Skeeter's reaction time, dulled by pain and shock, was slow. The wooden sword caught him in the gut, doubling him over with a retching pain. His trainer waited until he'd caught his breath, then dragged him up again and shouted, "Shield up!"
This time, Skeeter managed to drag his arm up to catch the blow across the wooden shield. The smack and force of the blow drove him to his knees.
"Thrust!"
Over the next two miserable, wretched weeks, his trainer beat the drills into him, until he could at least follow the instructions. He learned the various methods of fighting, tried to use the various types of weapons different classes of gladiators used. His lanista spent a great deal of time grumbling, while Lupus Mortiferus stalked the training-arena like a god and laughed at him, besting every opponent sent against him with lazy ease.
Disheartened, bruised, Skeeter slept in chains, too exhausted to move once allowed to collapse on his hard bed. He ate the gruel he was given as fast as he could shovel it in. It tasted faintly of beer; barley gone a little too far toward fermentation, perhaps? Occasionally Lupus Mortiferus would visit his cell, grinning and taunting him from beyond the iron bars of his cage.

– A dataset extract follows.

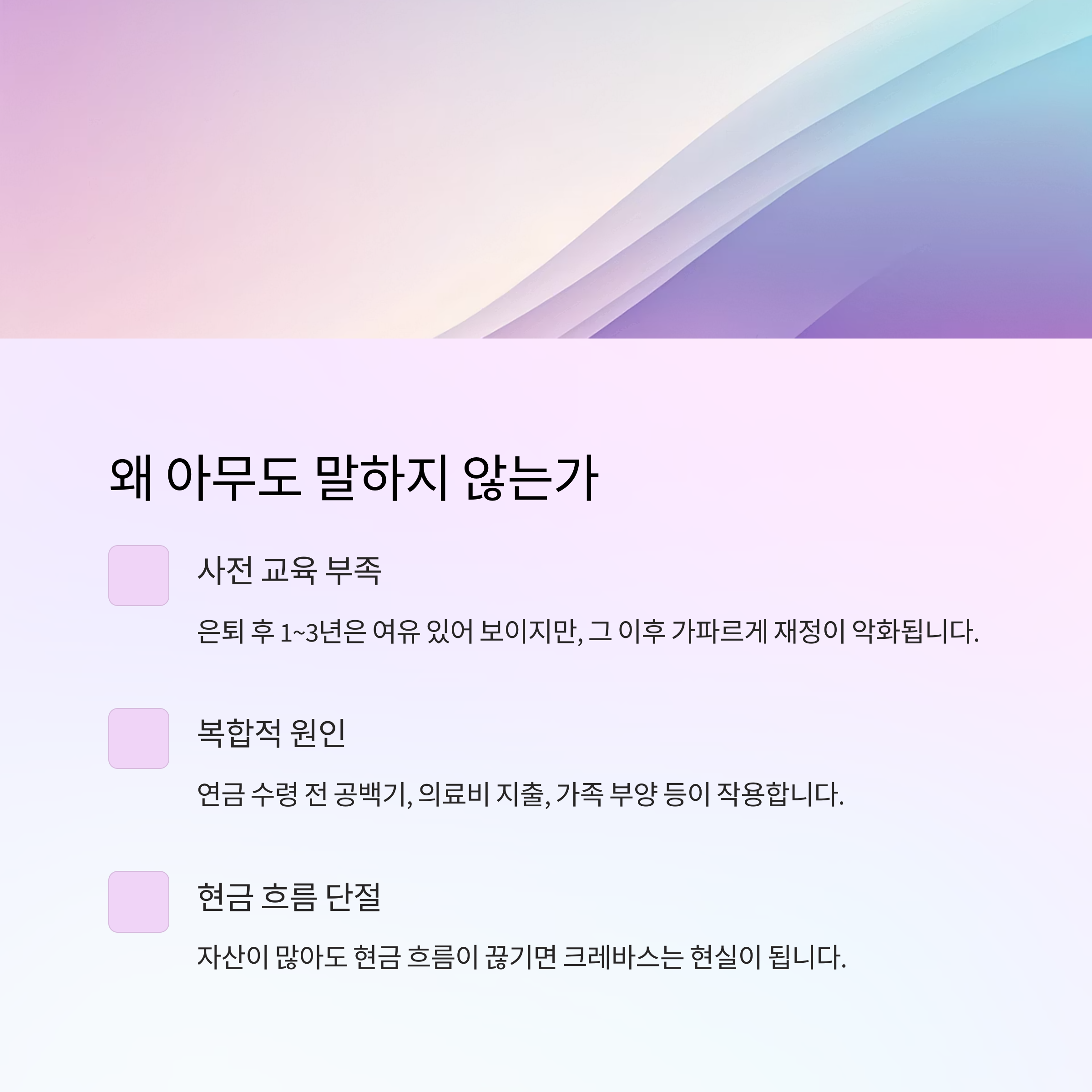은퇴 크레바스는 준비 부족이 아닌 구조적 위험입니다.

Skeeter returned his gaze steadily and coldly, while his insides quaked with deeper terror than he had ever known, deeper even than his terror at falling through the unstable gate into Yesukai the Valiant's life.
Each night as he drifted into bruised sleep, Skeeter dredged up from memory everything Yesukai had ever taught him, every trick and dirty move he'd ever learned on the plains of Mongolia. Then it occurred to him that perhaps he was reviewing the wrong memories. And he thought of his time on the broken, filthy streets of depraved New York, where a boy, even a grown man, could find himself fatally trapped before he knew anything had gone wrong. Certain areas of New York were said to be as deadly as the ancient Roman gladiatorial combats. Looked like he was about to find out.
At the moment, Skeeter would take the concrete-and-glass canyons of New York, even the washed-out ruins of New Orleans, over this. He just prayed he had time to come up with some sort of escape plan before Lupus Mortiferus killed him in the arena. Given the diligence of the guards, he didn't hold out much hope.
"QUIET!"
Brian Hendrickson had sufficient command presence to be heard-and obeyed-when he wanted The babble in the library sliced off like a dagger cut. He glared at Goldie Morran, whose nostrils flared unpleasantly as she breathed hard. Ianira Cassondra, clutching her pretty little children close, glared at Goldie, hatred and possibly even murder in her dark, ancient eyes. This had to be defused, and fast.
"Goldie,- he said, speaking as gently as possible, considering her recent release from the infirmary-and the reasons for it, "I know as well as you do the terms of the bet. The most cash at the end of a month. But this evidence about Skeeter's disappearance. complicates matters. Considerably."
He glanced at Ianira. "You will swear by all you hold sacred," he asked her gently--in archaic Greek-"that Skeeter Jackson was trying to rescue Marcus when he crashed the Porta Romae?"
"I swear it," she hissed out, with another murderous glance at Goldie.
"Do you have any way to prove that?"
"Dr. Mundy! I spoke with him on the telephone! He arranged for Skeeter to pick up money to pay that man Farley. He will speak the truth for me! And my `acolytes' were following me. Someone must have taped it!"
"All right." He glanced across the growing crowd, many of them the loons who followed Ianira wherever she went. "Any of you catch on vid Skeeter Jackson crashing the Porta Romae?"